It’s Sunday too, and a rainy one at that. Had it been warm and sunny, as it was yesterday, today might not have turned out as it did. But in that the two weeks ahead are rather full of events and commitments, I thought it best to muster all my resolve and restore some order before the next round hit. If I didn’t, my sanity was at risk. Plus it was entirely possible I might start breaking one of my own rules of a tidy home, which is to “reduce redundancy”, and I might start simply buying things because I could no longer find the ones I already owned in all the mess. Yup, having two or more of the same thing’s a pretty good sign of a chaotic house. Some redundancy is fine, but when you end up with three hammers or half a dozen pairs of scissors or ten pairs of pliers… that suggests things have gotten a little out of control at one time or another. So I began my piles, like with like, items with shared destinations (the box to go to the basement, the bin to go to Elihu’s room, etc.) and little by little began to make some headway. Elihu helped a bit, and by the time my mother called to say the Conants had a visitor and invited us to come over for a lunch break, much had been done. It was good to see our old family friend, and made me happy for dad to have company. We stayed perhaps a tad too long for Elihu’s allergies, as when we got home he remained rather sniffly right up until bed time.

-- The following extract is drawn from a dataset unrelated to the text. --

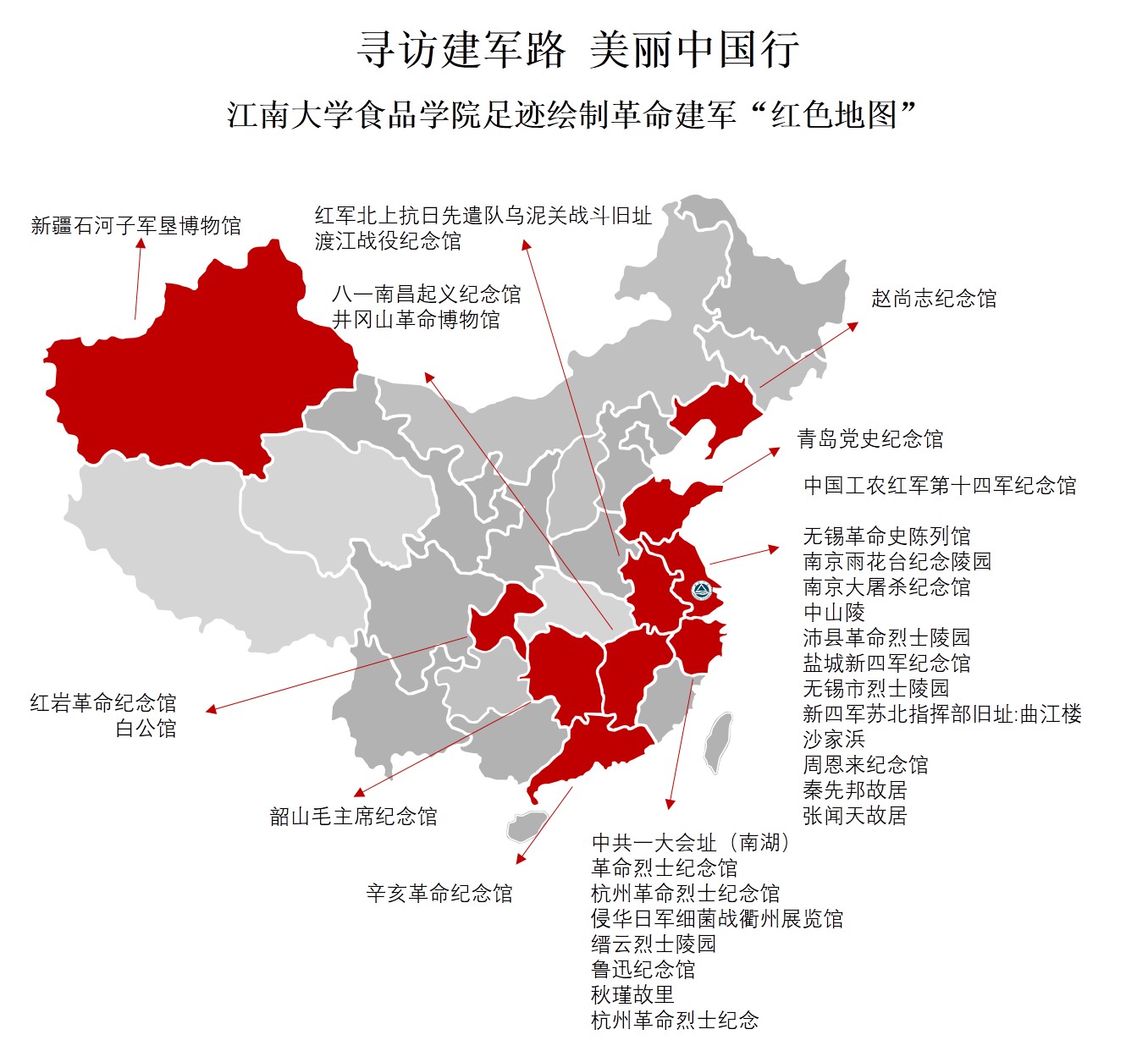 追寻先烈足迹,感悟历史重担。食品学子前往中共一大会址(南湖)、辛亥革命纪念馆、八一南昌起义纪念馆等8个革命建军大事件纪念馆,接受红色洗礼,近距离了解先辈革命经历,理解中国共产党和中国人民解放军诞生及其发展的曲折历史,真切感受红色情怀,追忆革命精神。

So now he’s asleep, and I would so love to get into my own clean bed (I wash my own sheets so seldom my dignity prevents me from letting on…) but the coverlet tumbles away in the drier, taking much longer than it seems it should. I am tired. A good tired, though. It’s been a full day. Nice to see our friend Ken today, nice to see my family all in one place, nice to watch my father enjoying an organ concert on TV, lifting his hands at the conclusion of passages, humming, leaning forward in his chair at a certain turn… Most engaged I’ve seen him with anything in a long time. That was nice. And now, as I sit here in my comfy bedroom chair, having just kissed my own beloved son goodnight, I’m feeling pretty good. My house is clean. Things seems possible again. There’s just this ever-so-subtle feeling of hope that begins to germinate in the wake of such a cleaning and inventory-taking. It’s as if you’ve been given a new starting point. Everything from here’s gonna be easy. Cuz you know where everything is again. Like you should. Freshly cleaned, newly put away. And in a moment, I too shall be in my own resting place. Ok, now I can feel that Zen thing. Cuz this is a good moment. Yeah, I’m feeling it, liking it. Sorry I rushed through all those previous moments to get to this one. Ah well. Here we are. Nice, huh? Ah yes, this is a moment I am savoring. Feels good. Ahh, all is in its place.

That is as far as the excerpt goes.